The problem:
Make an exact copy of the lines from the one containing "温度によって色が変わるインク" through the end of the material, including both ends but no pictures.

Given records:
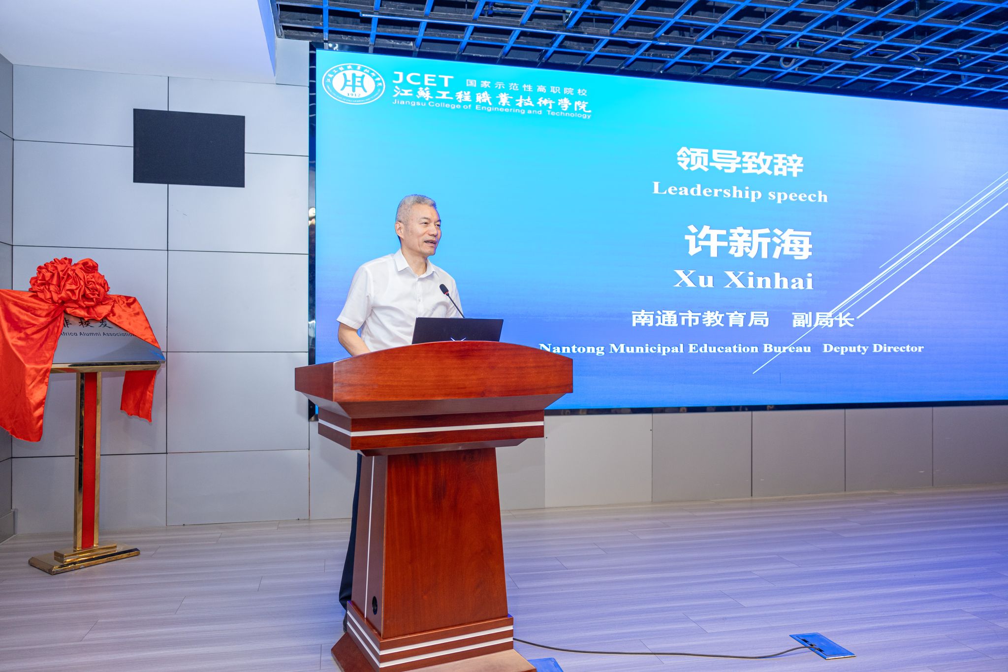 校长张忠在欢迎辞中系统介绍学校发展历程和产教融合成果,强调了联盟在推动新能源技术标准化、国际化人才培养中的核心作用。南通市教育局副局长许新海高度评价我校“政—校—企”三方联动出海培养模式,提出要进一步对接“中国标准”与“南非需求”。 姆福·吉夫特·穆卡表示,中国可再生能源技术和学校新能源装备技术教学经验为南非能源转型提供了重要借鉴,期待通过产教联盟深化技术共享与人才联合培养。
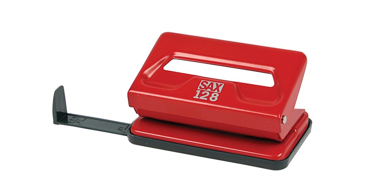 Dziurkacz SAX128S, dziurkuje do 12 kartek, czerwony
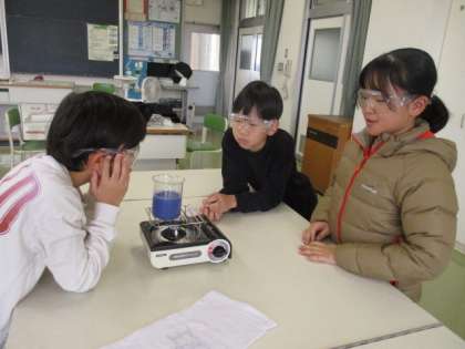 温度によって色が変わるインクを使っての実験だったので、水のあたたまり方がよく分かります。
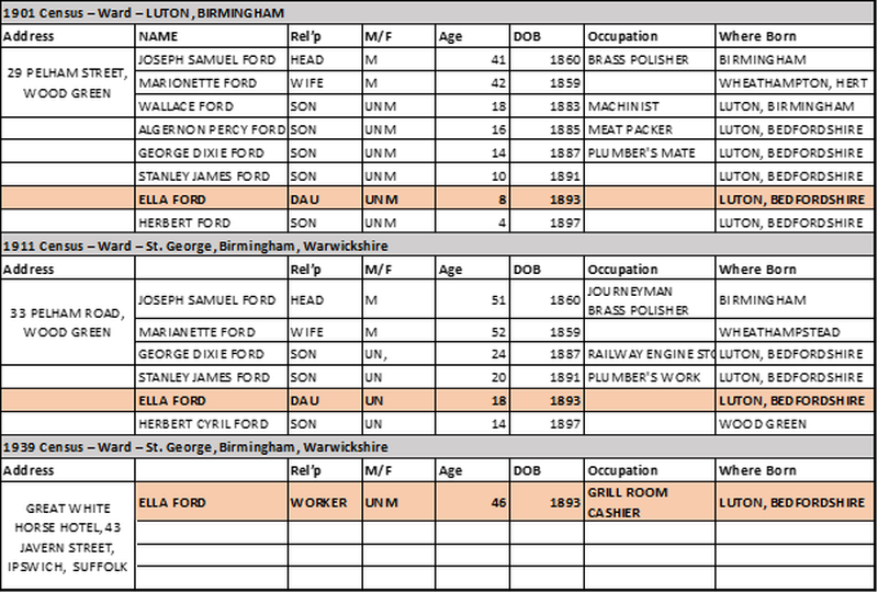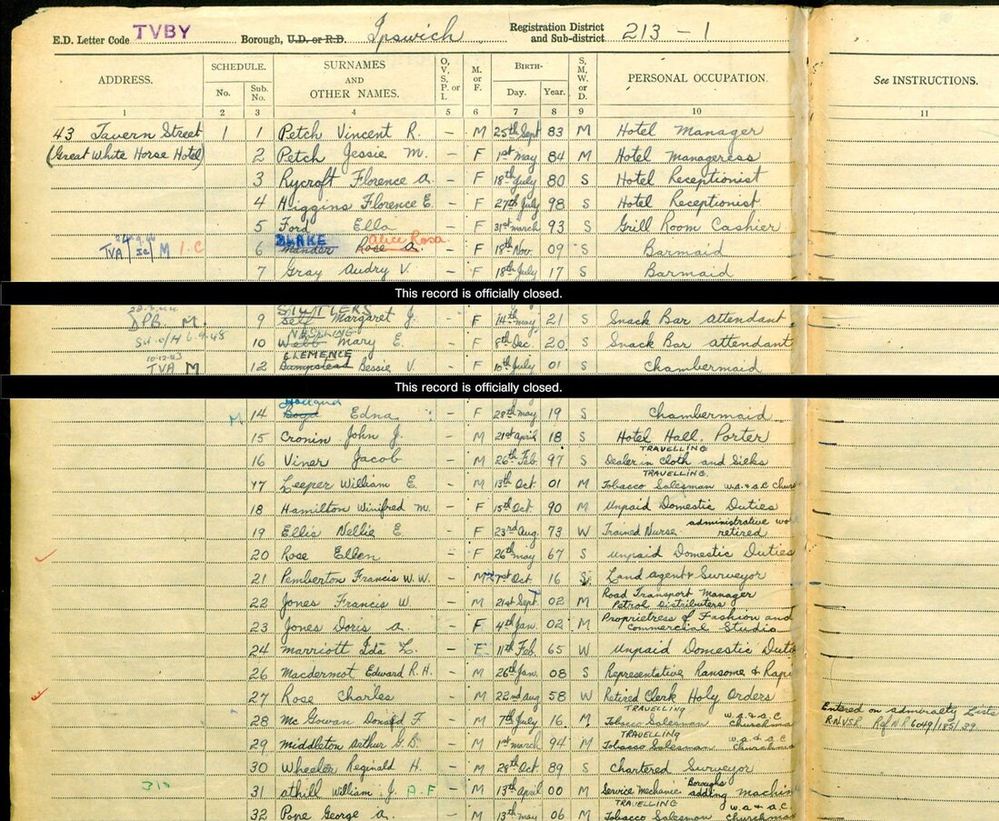 By 1939, Ella was 46 years old, unmarried and working at the Great White Horse Hotel at 43 Tavern Street in Ipswich as the Grill Room Cashier.
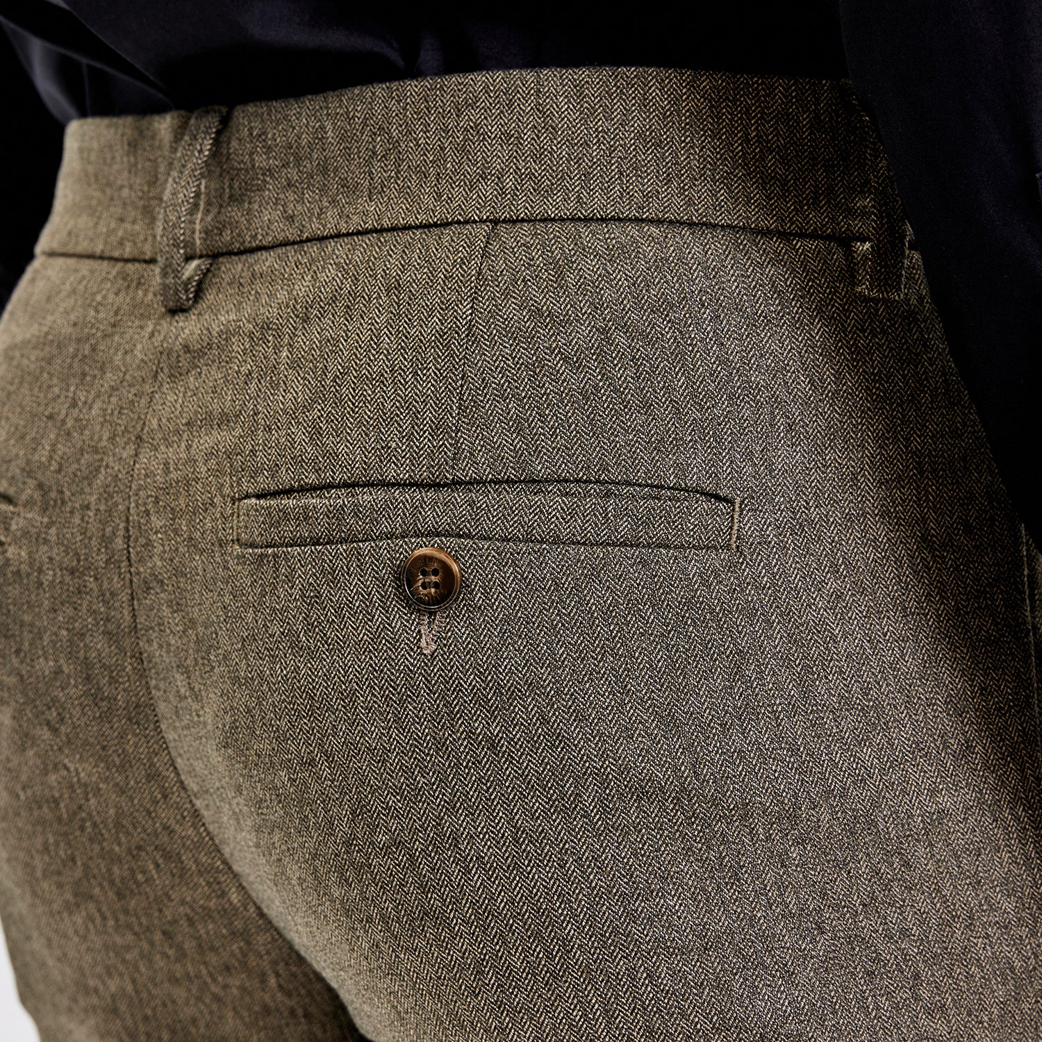 JoshPL er ‘slim-fit’ bukser. Bukserne har to skrå frontlommer, to paspolerede baglommer, bæltestropper, knaplukning og en lynlås. En trekantdetalje på frontlommerne understreger deres livlige, men tidløse stil. Designet i København og lavet af specialister i Tyrkiet.
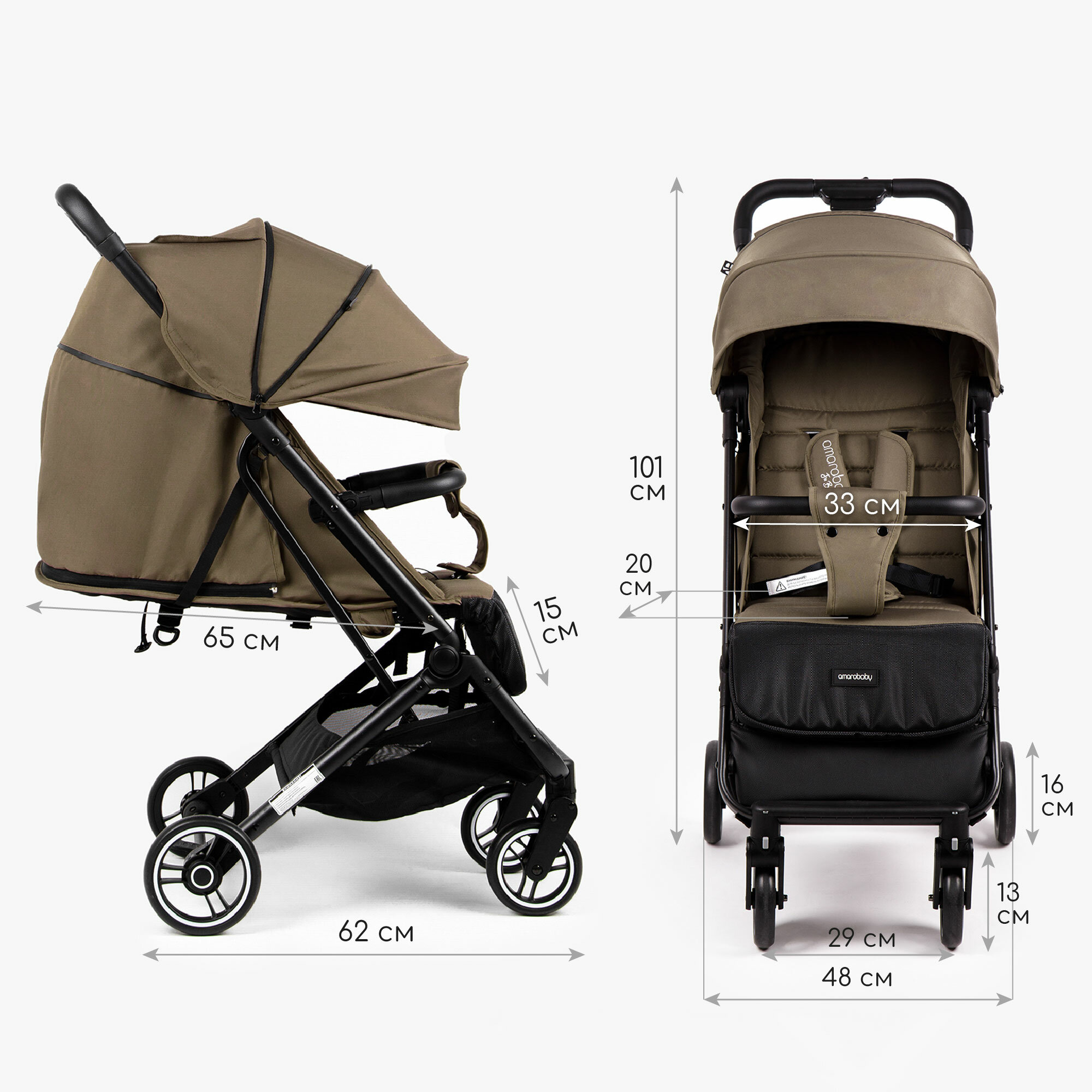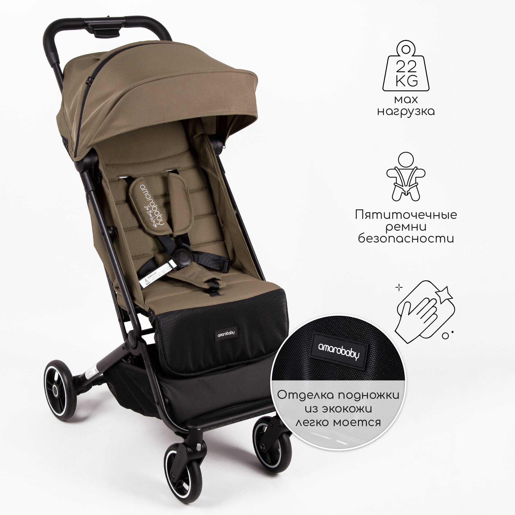 Коляска прогулочная Amarobaby Route, Хаки

Reply:
 温度によって色が変わるインクを使っての実験だったので、水のあたたまり方がよく分かります。
 By 1939, Ella was 46 years old, unmarried and working at the Great White Horse Hotel at 43 Tavern Street in Ipswich as the Grill Room Cashier.
 JoshPL er ‘slim-fit’ bukser. Bukserne har to skrå frontlommer, to paspolerede baglommer, bæltestropper, knaplukning og en lynlås. En trekantdetalje på frontlommerne understreger deres livlige, men tidløse stil. Designet i København og lavet af specialister i Tyrkiet.
 Коляска прогулочная Amarobaby Route, Хаки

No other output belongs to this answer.